Lewis looked back and smiled, her eyes glazed with painkiller. Roberts gave her the thumbs up, a big goofy grin on his face from the morphine. She had blood all over her leg and on her the butt of her pants. Cromwell had torn her pants open, stapled her up, then taped her pants shut.

"Think they know?" Cromwell asked.

"They have to. They must have killed the GSG-9 guys, maybe even the Rangers," Patch said, lighting a cigarette. "Be worth it if they can grab this shipment."

"What is it? It looked like eight inch artillery shells," Cromwell said, lighting one of her own. Roberts noticed her hands were stained with blood and it had soaked her sleeves.

"They're Whiskey Seventy dash Three Delta Two warheads," Patch stared at the two five-ton trucks. "They're new. Next-Gen nuclear weapons. Real hot shit stuff."

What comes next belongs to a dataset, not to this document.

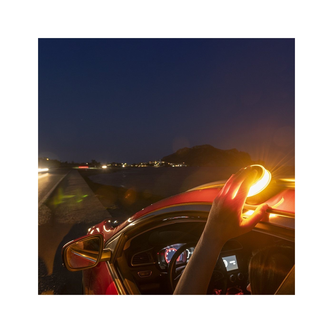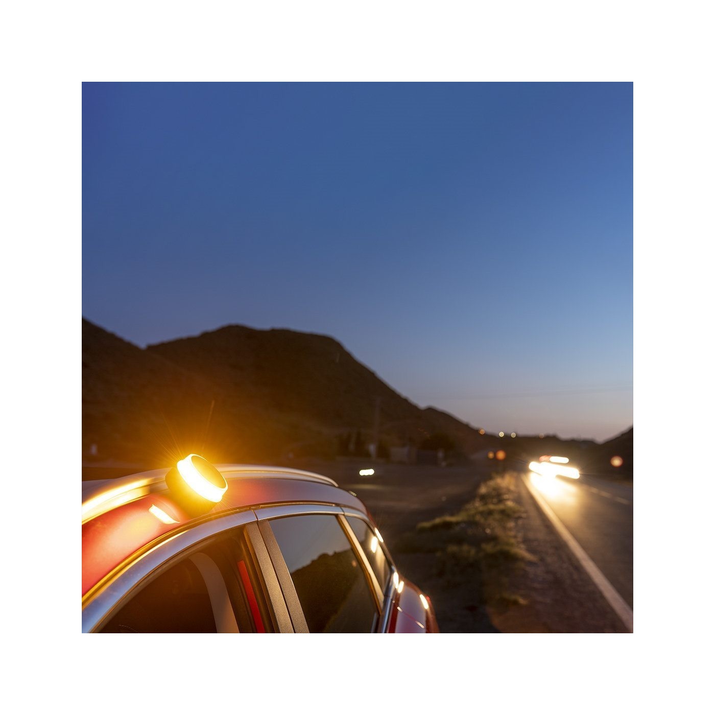 Resistencia al viento de hasta 180Pa, visibilidad 360° -hasta 1 km de distancia- y resistencia al agua conforme a estándares IP65. De tamaño compacto para guardar en cualquier compartimento del vehículo y tenerla a mano en caso de emergencia. Presentada en caja individual de diseño.

Cromwell winced. "How new?"

"First run. They're... different. Low net explosive weight yield with a variable charge setting, enhanced radiation output," Patch said. He blew smoke into the morning air. "It's a new tank killer design. Based off the salted cage system. Neutron radiation fries the crews inside the tank even if the tank can survive inside the detonation zone of a conventional nuclear weapon."

Roberts frowned. It didn't make much sense to him. Wasn't nukes all about massive destruction with a single round.

"More Special Weapons toys," Cromwell said, shaking her head.

"We didn't make the world," Patch shrugged.

"You're just going to burn it," Cromwell laughed.

Roberts shivered, then gasped in pain, at the two soldier's words.